-- Information provided follows --

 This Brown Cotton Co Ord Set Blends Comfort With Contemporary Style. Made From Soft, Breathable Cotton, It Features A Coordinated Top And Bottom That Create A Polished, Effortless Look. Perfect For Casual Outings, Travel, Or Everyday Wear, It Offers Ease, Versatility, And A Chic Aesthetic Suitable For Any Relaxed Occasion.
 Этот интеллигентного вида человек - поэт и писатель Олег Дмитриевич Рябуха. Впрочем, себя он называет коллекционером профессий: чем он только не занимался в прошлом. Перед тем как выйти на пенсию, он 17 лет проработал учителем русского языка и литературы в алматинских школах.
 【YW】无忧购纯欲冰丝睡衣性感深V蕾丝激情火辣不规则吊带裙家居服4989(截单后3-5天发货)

-- Information provided concluded --
-- Information provided follows --

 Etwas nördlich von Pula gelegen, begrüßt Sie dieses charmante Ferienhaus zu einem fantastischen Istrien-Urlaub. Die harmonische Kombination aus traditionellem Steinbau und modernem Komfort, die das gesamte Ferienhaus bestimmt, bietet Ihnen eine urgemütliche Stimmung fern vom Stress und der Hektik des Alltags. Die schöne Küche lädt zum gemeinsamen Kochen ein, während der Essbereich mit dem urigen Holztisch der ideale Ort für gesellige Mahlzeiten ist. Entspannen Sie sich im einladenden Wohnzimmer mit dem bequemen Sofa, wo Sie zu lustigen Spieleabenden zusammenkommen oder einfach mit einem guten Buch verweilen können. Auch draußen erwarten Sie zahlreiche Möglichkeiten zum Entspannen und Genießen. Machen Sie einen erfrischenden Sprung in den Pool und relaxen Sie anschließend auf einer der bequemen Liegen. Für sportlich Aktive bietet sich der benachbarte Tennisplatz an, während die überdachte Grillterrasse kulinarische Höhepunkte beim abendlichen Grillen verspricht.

-- Information provided concluded --
-- Information provided follows --

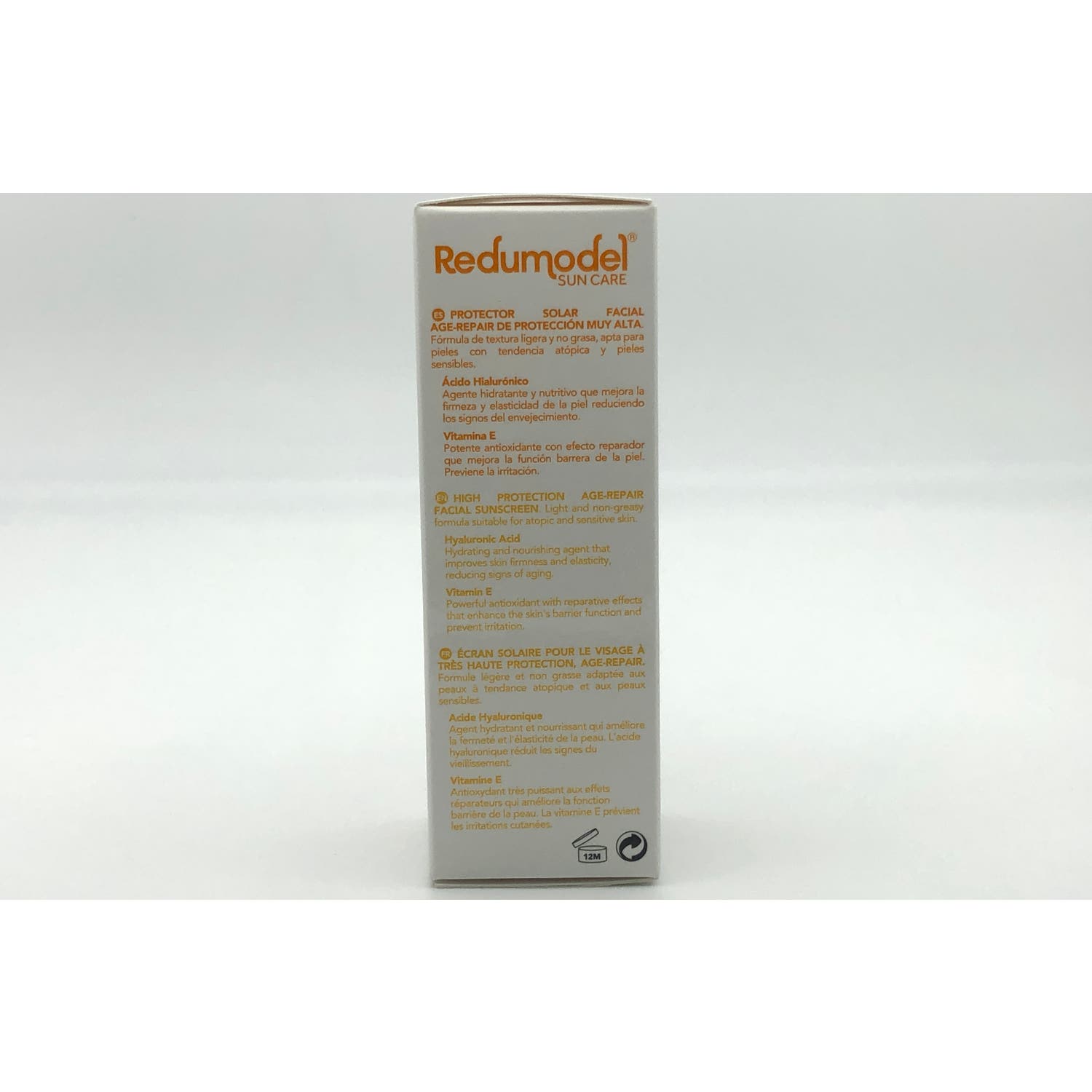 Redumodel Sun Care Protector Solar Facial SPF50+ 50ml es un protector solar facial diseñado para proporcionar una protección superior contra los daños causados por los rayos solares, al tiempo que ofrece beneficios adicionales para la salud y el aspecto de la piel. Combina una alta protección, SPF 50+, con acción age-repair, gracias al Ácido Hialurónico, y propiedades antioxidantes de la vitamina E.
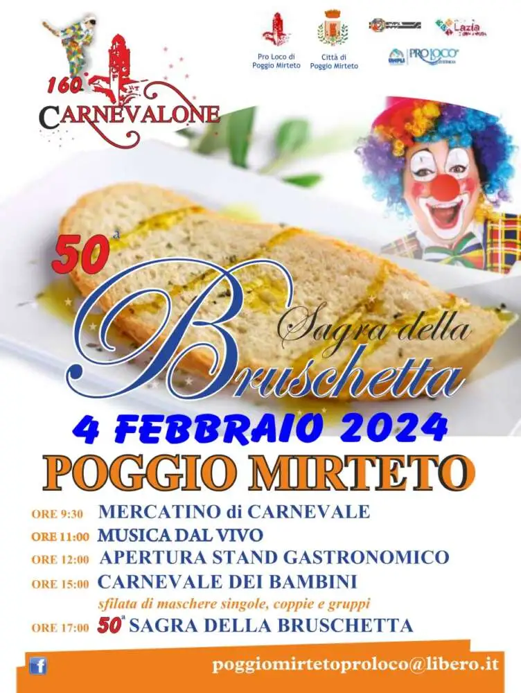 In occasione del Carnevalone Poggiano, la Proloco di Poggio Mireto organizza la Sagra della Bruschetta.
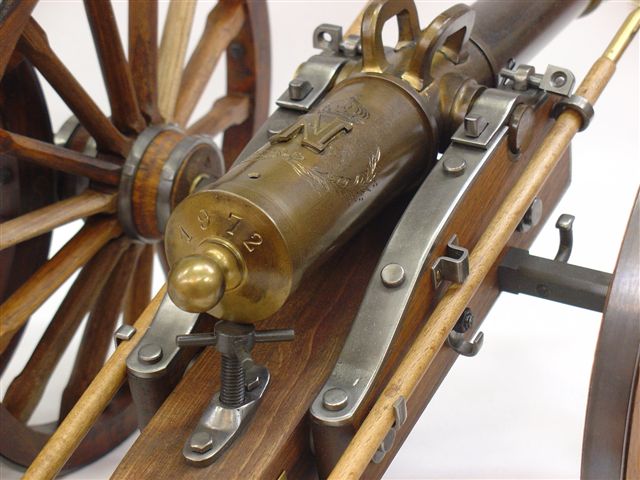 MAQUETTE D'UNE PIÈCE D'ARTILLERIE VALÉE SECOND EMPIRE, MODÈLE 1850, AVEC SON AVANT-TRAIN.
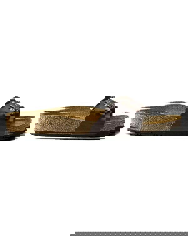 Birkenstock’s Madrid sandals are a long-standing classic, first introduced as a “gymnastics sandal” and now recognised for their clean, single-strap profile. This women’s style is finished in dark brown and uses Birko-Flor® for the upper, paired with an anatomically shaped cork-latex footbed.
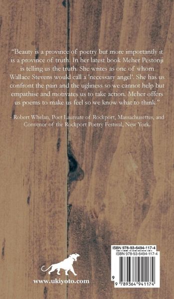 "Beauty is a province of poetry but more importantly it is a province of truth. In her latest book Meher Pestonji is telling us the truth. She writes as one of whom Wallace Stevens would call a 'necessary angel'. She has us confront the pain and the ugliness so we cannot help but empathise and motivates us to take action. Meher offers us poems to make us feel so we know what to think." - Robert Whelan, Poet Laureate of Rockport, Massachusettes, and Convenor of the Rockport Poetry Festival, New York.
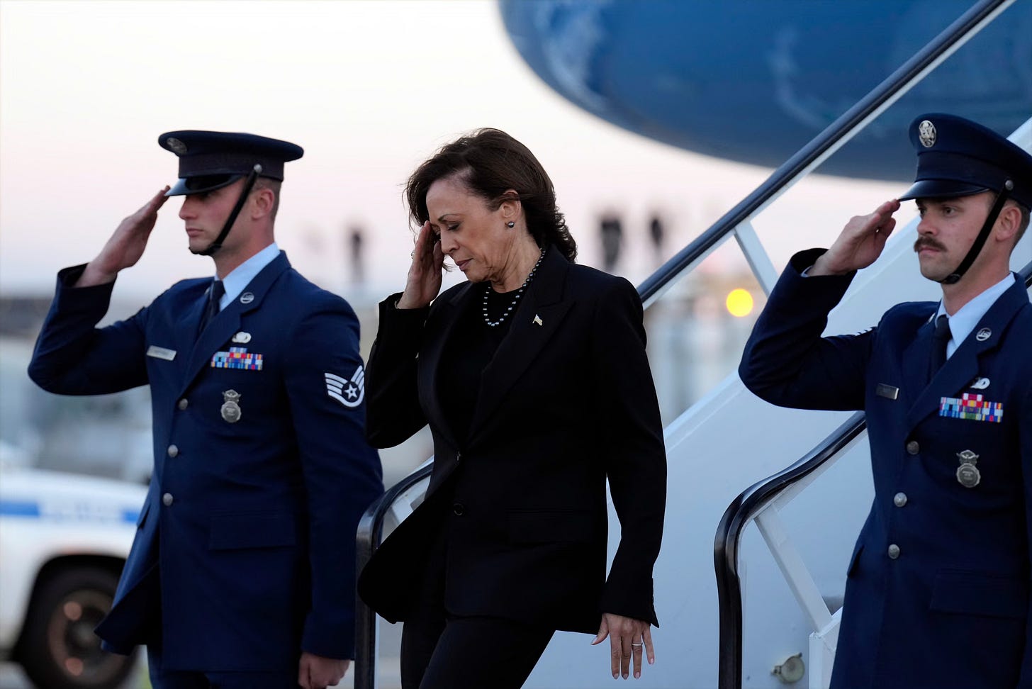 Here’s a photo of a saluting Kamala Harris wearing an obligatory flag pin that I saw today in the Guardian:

-- Information provided concluded --

Task item: A word-for-word reproduction is needed of the lines above from the line containing "MAQUETTE D'UNE PIÈCE" through the line containing "Birkenstock’s Madrid sandals", with both ends kept and no pictures.

Answer section:
 MAQUETTE D'UNE PIÈCE D'ARTILLERIE VALÉE SECOND EMPIRE, MODÈLE 1850, AVEC SON AVANT-TRAIN.
 Birkenstock’s Madrid sandals are a long-standing classic, first introduced as a “gymnastics sandal” and now recognised for their clean, single-strap profile. This women’s style is finished in dark brown and uses Birko-Flor® for the upper, paired with an anatomically shaped cork-latex footbed.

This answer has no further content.